The practice of meditation has been the subject of scientific research for quite some time.  It is attractive especially because it would seem to provide some therapeutic effects for pain, depression, anxiety, drug addiction, antisocial behavior, etc.  However, research has not been able to clearly establish whether the benefits of meditation can be separated from the social activities associated with teaching the practice.  Nonetheless, it seems to provide some pain relief and, in a 2017 systematic review it was found to help “improve positive prosocial emotions and behaviors.” (Luberto, Christina M.; Shinday, Nina; Song, Rhayun; Philpotts, Lisa L.; Park, Elyse R.; Fricchione, Gregory L.; Yeh, Gloria Y. (2017): “A Systematic Review and Meta-analysis of the Effects of Meditation on Empathy, Compassion, and Prosocial Behaviors”. Mindfulness. 9 (3): 708–24. doi:10.1007/s12671-017-0841-8. PMC 6081743. PMID 30100929).
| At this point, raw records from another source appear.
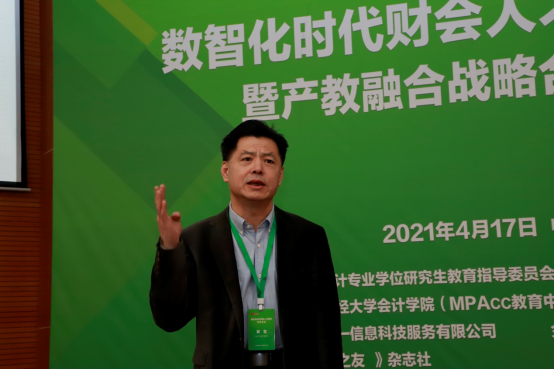 全国会计专业学位研究生教育指导委员会副主任委员兼秘书长、中国人民大学博士生导师王化成教授作了题为《数智时代的财会人才需求与教育变革》的主题报告,以蚂蚁金服的诞生为引子,阐明了数智经济的特征,我国在数字经济方面有天然的优势,并介绍了数智时代下企事业单位的智能化财务和财会岗位发生的变化,进一步提出了数智时代的财会教育变革思路。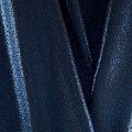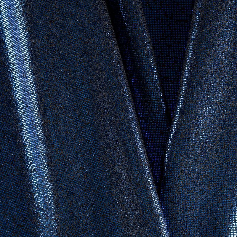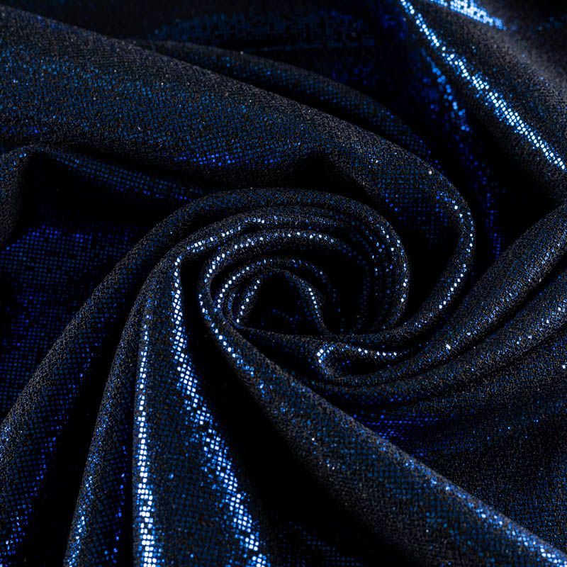 Тонкий и не прозрачный ярко черный шерстяной креп с густым застилом блестящей, искристой, люрексной нити ярко-синего цвета. Ткань нарядная, мягкая, пластичная, слегка упругая. Подходит для пошива лёгкой, нарядной одежды прямых и объёмных силуэтов.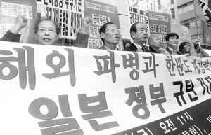 民族和解自主統一協議会の会員らが2日午前、ソウル鐘路区(チョンログ)チュンハク洞の日本大使館前で「自衛隊の海外派遣と韓半島の再侵略を策する日本政府を糾弾する」集会を開いた。

There are also potential negative effects of meditation.  In one criticism, the practice is felt to enhance narcissism– this is true but also highly reductive or simplistic.  Meditating in a deconstructive fashion (for example) may result in anxiety, fear, depersonalization, or distorted perceptions.  “Unwholesome or frightening visions” are also mentioned as to be expected, in a Theravada Buddhism practical manual on vipassana meditation (Vörös, Sebastjan (2016). “Sitting with the Demons – Mindfulness, Suffering, and Existential Transformation”. Asian Studies. 4 (2): 59–83. doi:10.4312/as.2016.4.2.59-83).

Nonetheless, meditation is a highly effective means of, at least temporarily, obtaining calmness and even insight.  See also the Wikipedia article on “meditation” for considerable details on the history and prevalence of meditation in various religions and for therapeutic purposes.  From a traditional point of view, see “What is Meditation” by Shiva Shakti Yoga.